## [What you should do]
Please retype the records below exactly, omitting any images.

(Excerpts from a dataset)
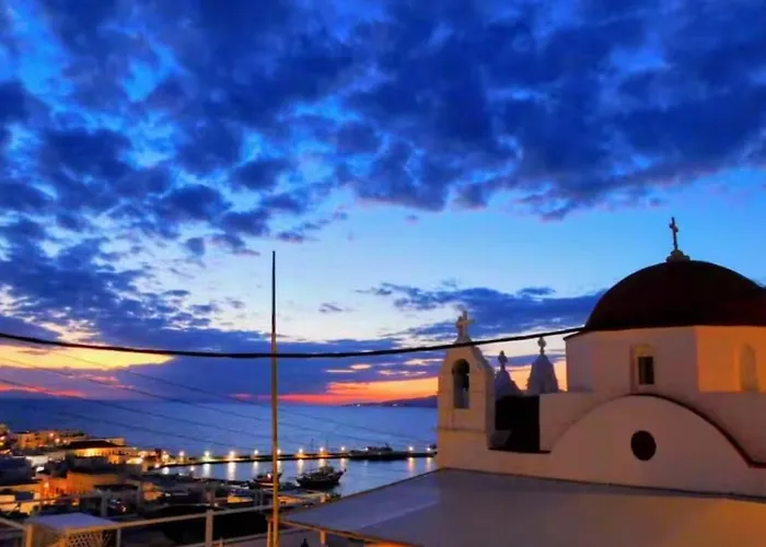 海の景色を見渡せるテラスを提供するMykonos Town Μooi Katrinsヴィラは、マトイヤンニ通りから歩いてわずか6分離れた場所にあります。
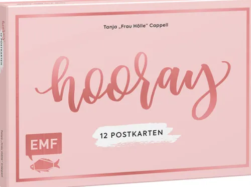 Hooray – Frau Hölle läßt grüßen! Die schönsten Sprüche und Wünsche von Tanja „Frau Hölle“ Cappell gibt es jetzt zum Versenden als wunderschön gestaltete Postkarte! Für Geburtstagsgrüße, Motivationsideen und Einladungen, die von Herzen kommen – oder einfach nur so! Die 6 unterschiedlichen Motive sind jeweils zweifach vorhanden und mit einer Metallic-Folie veredelt. Verpackt sind sie in einer hübschen geschenkigen Box im Frau-Hölle-Design.
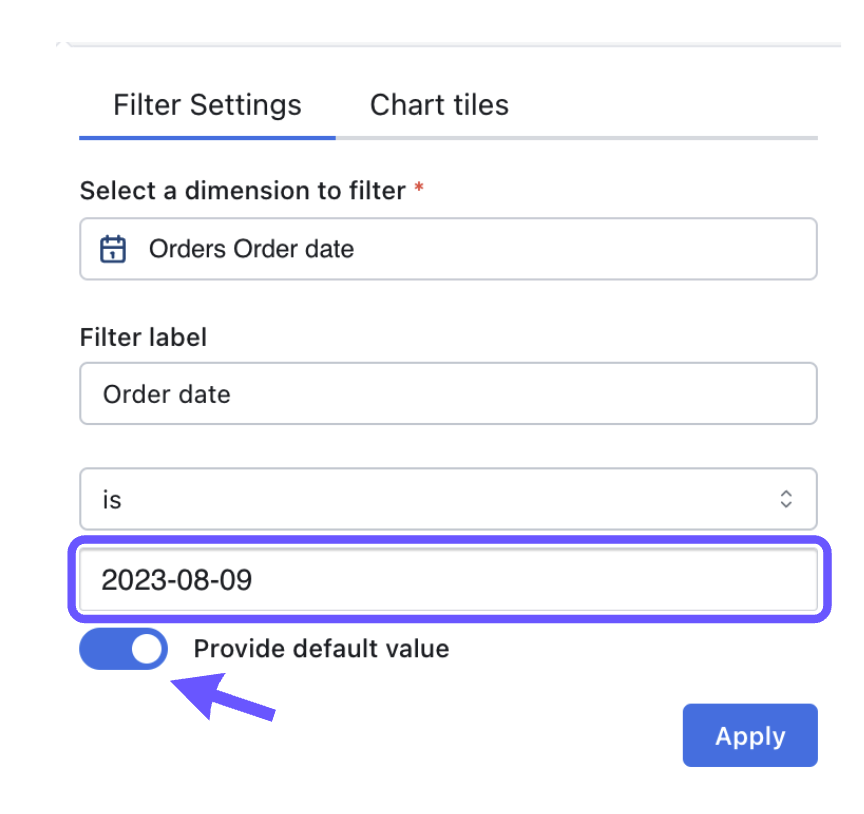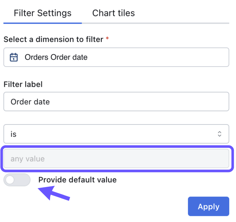 If you want to specify a value, ensure you toggle ‘Default value’ so that you can apply a filter to the tiles in your dashboard.
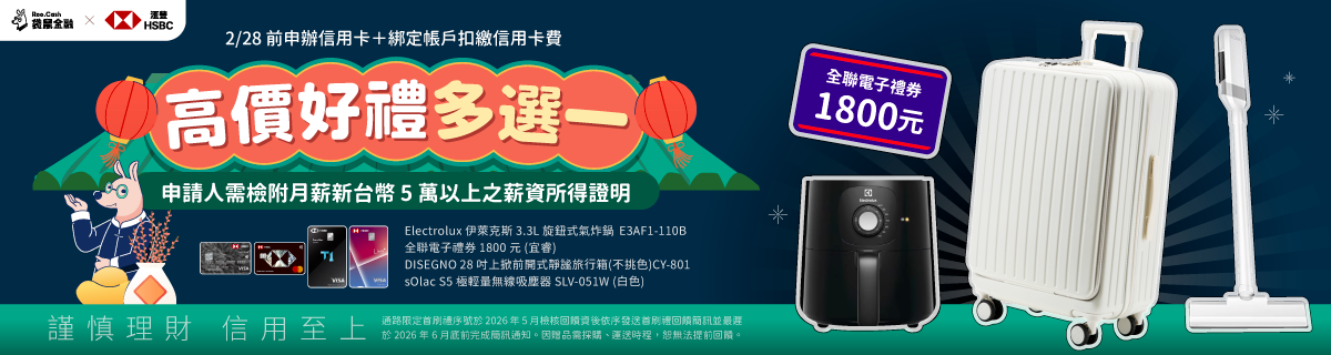 ![]() 運籌理財 One 能戶 了解更多 | ✔️ 最高活儲利率 2.4% ✔️跨提跨轉合計每月 30 次免費 ✔️ 2025/7/31 前新戶完成開戶+辦卡,享有首刷禮三選一及自動扣繳禮 ❍ Marshall 藍牙耳塞式耳機 MINOR IV ❍ DISEGNO 20+28 吋升級版胖胖箱兩件組(不挑色) ❍ 全聯電子禮券 2,200 元(宜睿) ❍ Philips 旋鈕式海星3.2L氣炸鍋 NA110(不挑色) | 🔺 開戶任務 ⚑ 透過袋鼠金融線上申請滙豐Live+現金回饋卡、匯鑽卡或現金回饋御璽卡 ⚑ 申請後 45 天內核卡 ⚑ 核卡30天內註冊登入滙豐銀行信用卡行動App(HSBC Card+) ⚑ 將本帳戶設定為信用卡自動扣繳帳戶 ⚑ 勾選電子帳單或行動帳單 ⚑新增一般消費累積達$5,000元 |
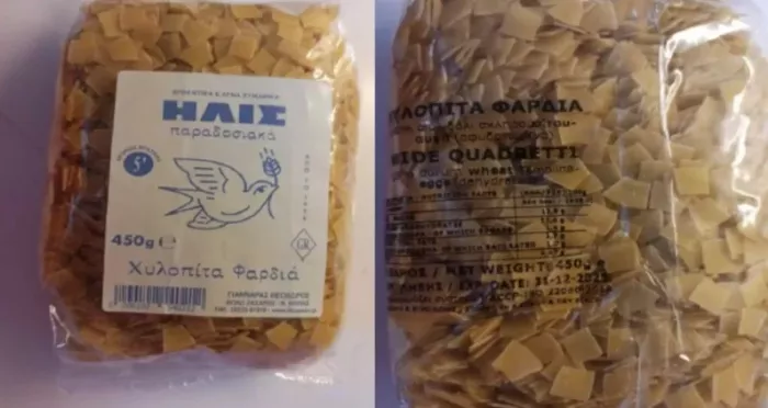 O Ενιαίος Φορέας Ελέγχου Τροφίμων (ΕΦΕΤ) και ειδικότερα η Περιφερειακή Διεύθυνση Δυτικής Ελλάδας του ΕΦΕΤ ζήτησε την άμεση ανάκληση του συνόλου της παρτίδας του προϊόντος «ΗΛΙΣ Χυλοπίτα Φαρδιά» των 450 gr.
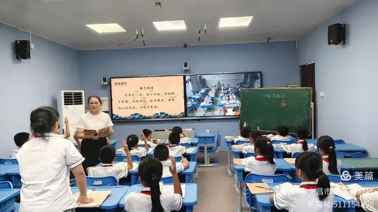 她让学生以同桌互讲、指名复述的形式,将简短的文言文转化为鲜活的故事,当孩子们用稚嫩却清晰的语言,讲出“炎帝的小女儿女娃溺亡东海,化为精卫鸟日夜填海”时,课堂里满是思维碰撞的轻响。
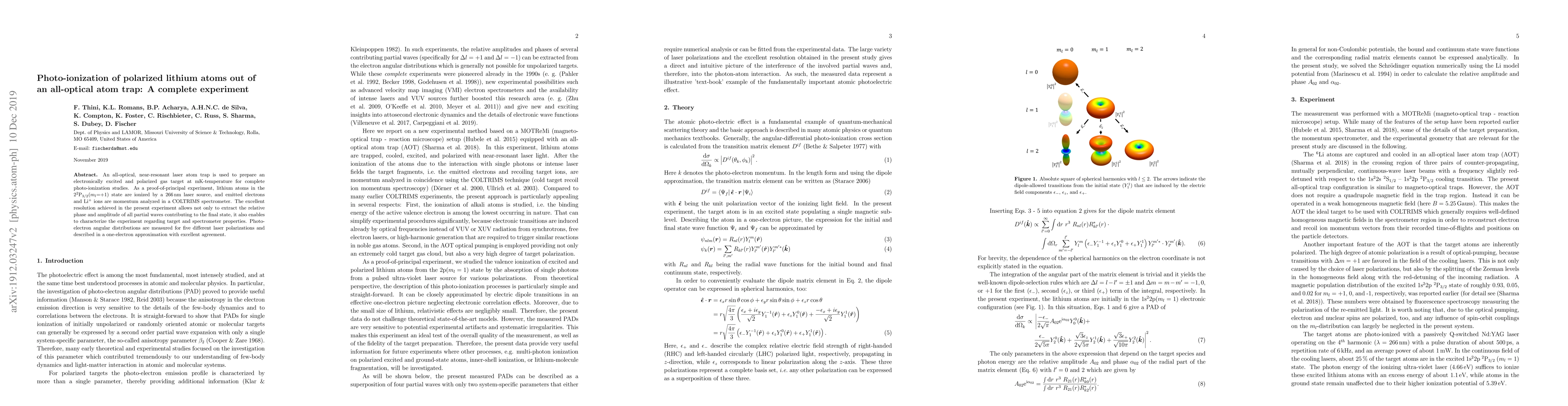 Researchers used an all-optical atom trap to study photo-ionization of polarized lithium atoms, achieving excellent resolution and characterizing the experiment's target and spectrometer properties. The results showed excellent agreement with one-electron approximation for photo-electron angular distributions under different laser polarizations.
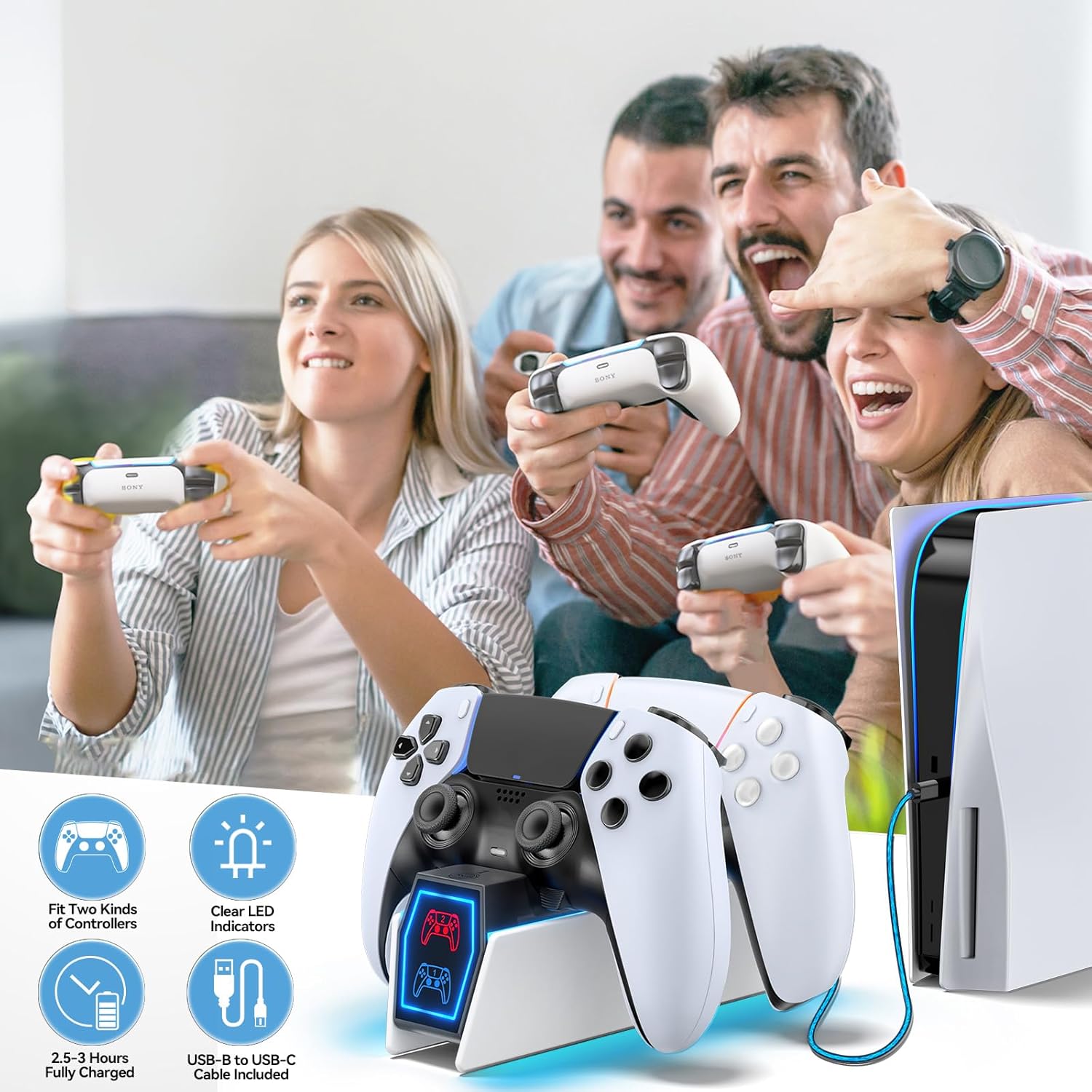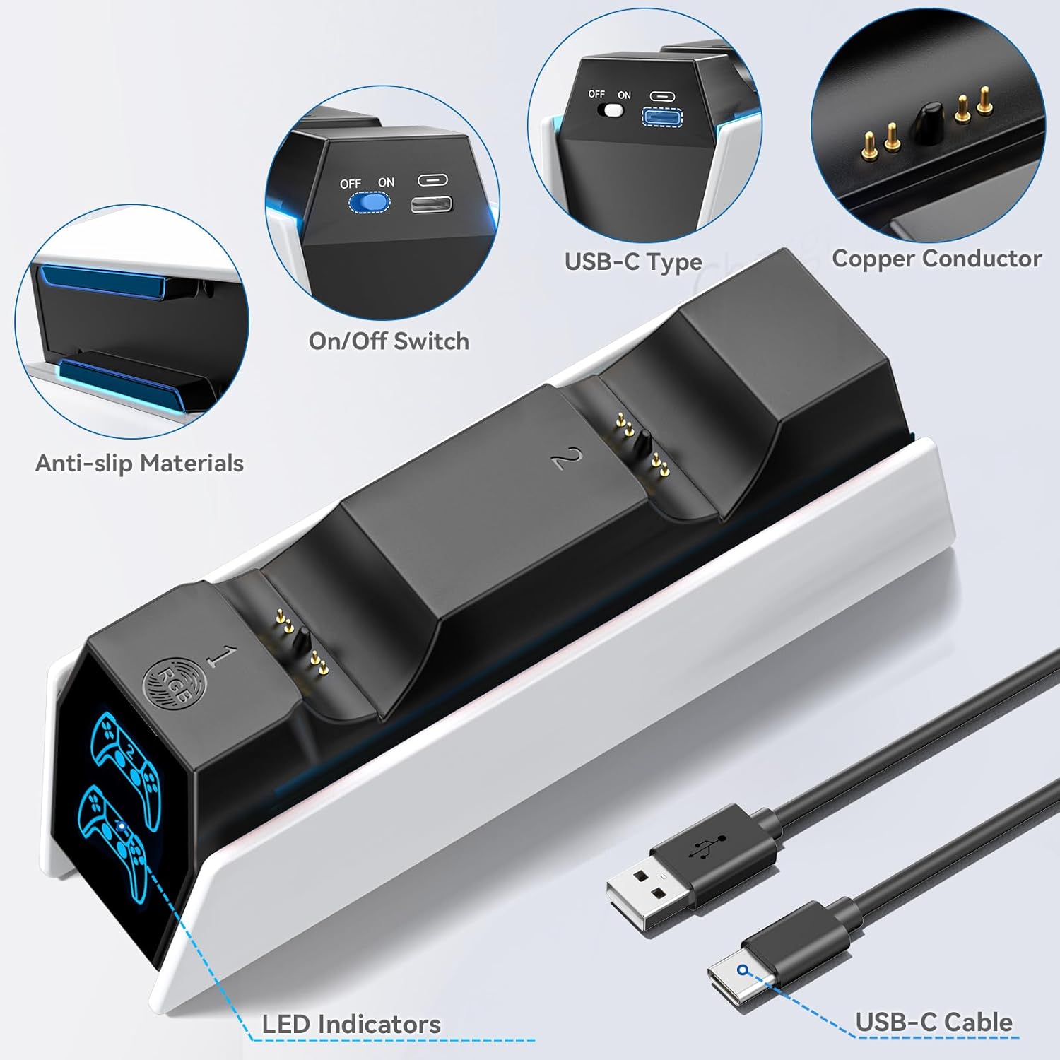 - 🎮【Enjoy Your Game】Compact PS5 controller charger dock is designed with advanced protection and practical features to bring a incredible experience to you. The PS5 controller charger station ensures a stable and secure charging experience, allowing you to focus on your gaming adventures without any worries.

## [Solution to the exercise]
 海の景色を見渡せるテラスを提供するMykonos Town Μooi Katrinsヴィラは、マトイヤンニ通りから歩いてわずか6分離れた場所にあります。
 Hooray – Frau Hölle läßt grüßen! Die schönsten Sprüche und Wünsche von Tanja „Frau Hölle“ Cappell gibt es jetzt zum Versenden als wunderschön gestaltete Postkarte! Für Geburtstagsgrüße, Motivationsideen und Einladungen, die von Herzen kommen – oder einfach nur so! Die 6 unterschiedlichen Motive sind jeweils zweifach vorhanden und mit einer Metallic-Folie veredelt. Verpackt sind sie in einer hübschen geschenkigen Box im Frau-Hölle-Design.
 If you want to specify a value, ensure you toggle ‘Default value’ so that you can apply a filter to the tiles in your dashboard.
 ![]() 運籌理財 One 能戶 了解更多 | ✔️ 最高活儲利率 2.4% ✔️跨提跨轉合計每月 30 次免費 ✔️ 2025/7/31 前新戶完成開戶+辦卡,享有首刷禮三選一及自動扣繳禮 ❍ Marshall 藍牙耳塞式耳機 MINOR IV ❍ DISEGNO 20+28 吋升級版胖胖箱兩件組(不挑色) ❍ 全聯電子禮券 2,200 元(宜睿) ❍ Philips 旋鈕式海星3.2L氣炸鍋 NA110(不挑色) | 🔺 開戶任務 ⚑ 透過袋鼠金融線上申請滙豐Live+現金回饋卡、匯鑽卡或現金回饋御璽卡 ⚑ 申請後 45 天內核卡 ⚑ 核卡30天內註冊登入滙豐銀行信用卡行動App(HSBC Card+) ⚑ 將本帳戶設定為信用卡自動扣繳帳戶 ⚑ 勾選電子帳單或行動帳單 ⚑新增一般消費累積達$5,000元 |
 O Ενιαίος Φορέας Ελέγχου Τροφίμων (ΕΦΕΤ) και ειδικότερα η Περιφερειακή Διεύθυνση Δυτικής Ελλάδας του ΕΦΕΤ ζήτησε την άμεση ανάκληση του συνόλου της παρτίδας του προϊόντος «ΗΛΙΣ Χυλοπίτα Φαρδιά» των 450 gr.
 她让学生以同桌互讲、指名复述的形式,将简短的文言文转化为鲜活的故事,当孩子们用稚嫩却清晰的语言,讲出“炎帝的小女儿女娃溺亡东海,化为精卫鸟日夜填海”时,课堂里满是思维碰撞的轻响。
 Researchers used an all-optical atom trap to study photo-ionization of polarized lithium atoms, achieving excellent resolution and characterizing the experiment's target and spectrometer properties. The results showed excellent agreement with one-electron approximation for photo-electron angular distributions under different laser polarizations.
 - 🎮【Enjoy Your Game】Compact PS5 controller charger dock is designed with advanced protection and practical features to bring a incredible experience to you. The PS5 controller charger station ensures a stable and secure charging experience, allowing you to focus on your gaming adventures without any worries.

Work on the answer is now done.